Credit: WCNC Charlotte

This approach is far from unusual. WCNC Charlotte started investigating workplace death penalties earlier this year after three construction workers died uptown when scaffolding collapsed. Their workplace death investigations remain under investigation.

The WCNC Charlotte team analyzed non-COVID Occupational Safety and Health Administration fatality reports in the Carolinas since 2020 and found, when state and federal regulators penalize companies for workplace deaths, roughly 43% of the time, the employers fight those fines and/or settle for lower penalties.
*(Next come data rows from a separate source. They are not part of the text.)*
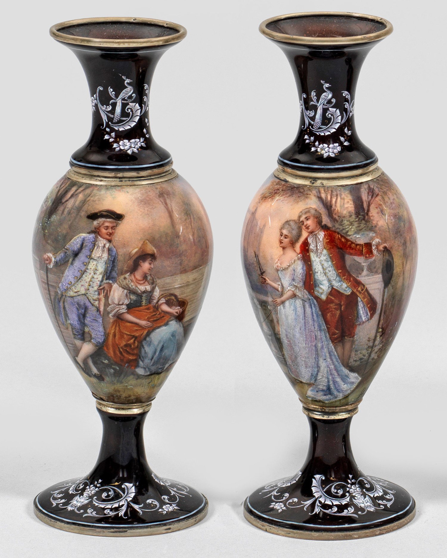 Kupfer emailliert, mit Silbermontierung. Trompetenförmiger Stand, übergehend in hoch ovoiden, schmalen Korpus in eingezogenem Schaft und sich stark erweiterndem Rand endend. Stand und Hals braun emailliert und mit weiß-roséfarbenem, filigranem Blattwerk, Blütenfestons, Pfauen und Maskaronen mit Goldakzentuierung verziert. Der Vasenkorpus mit lieblichen Darstellungen galanter Paare auf einer Bank sitzend sowie beim Spinnen vor baum- und architekturbestandenen Parklandschaften in polychromem Transluzidemaille bzw. lieblichen Lachs- und Rosatönen. Sign. "FC". Minim. Fehlstelle. Gest., undeutl. Beschauzeichen, Meisterzeichen "BW" mittig mit Darstellung eines Posthorns. H. 20 cm.
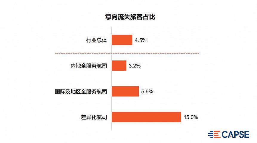 意向流失旅客:内地全服务航司表现优异,差异化航司应重点关注
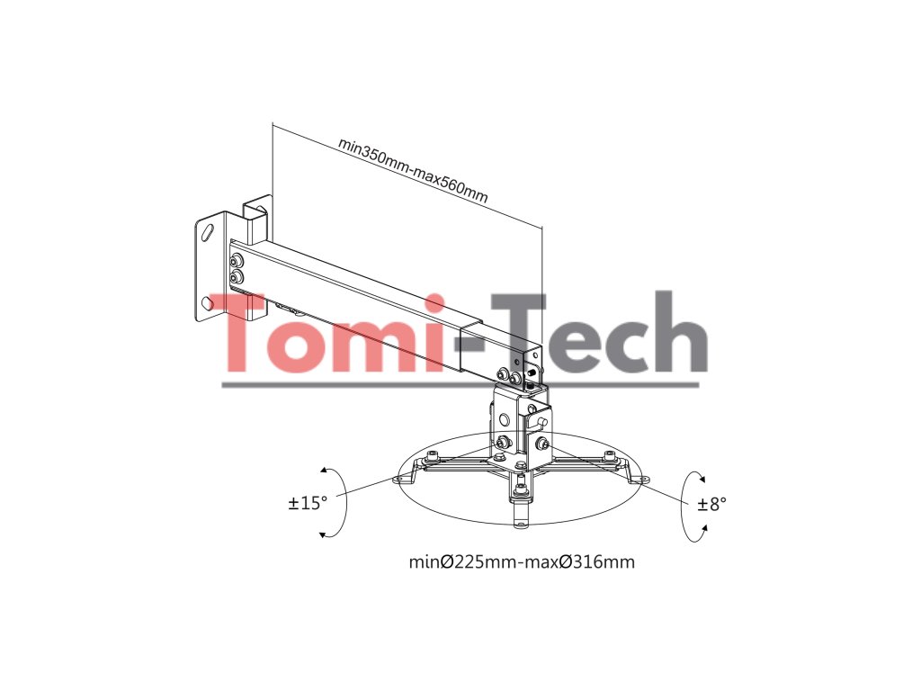 Hľadáte držiak na stenu/strop, ktorý umožní vysokokvalitnú projekciu obrazu z vášho projektora? Držiak Cabletech kombinuje výnimočnú flexibilitu s pevnosťou a zaisťuje vynikajúcu kvalitu obrazu v každej situácii. Vďaka vertikálnemu nastaveniu od +15° do -15° a horizontálnemu nastaveniu od 8° do -8° si môžete presne nastaviť polohu projektora podľa svojich potrieb, čo je obzvlášť užitočné počas prezentácií alebo tímovej práce.

WCNC Charlotte has created a searchable database of workplace deaths dating back to January 2020. You can search by type of death, state, city, or date to see incidents in both North Carolina and South Carolina. You can also copy and paste the OSHA inspection number into OSHA's website to find more details.

Credit: NC Department of Labor
Scott Mabry

"How does that incentivize a company to do more to protect its employees?" WCNC Charlotte asked North Carolina Department of Labor Chief of Staff Scott Mabry.

"We will go to extreme lengths to try to defend those, but oftentimes the trade-off is to try to get it corrected as soon as we can so that the hazard does not reoccur," Mabry responded. "We try to stick with what we can because we know it means something to those families."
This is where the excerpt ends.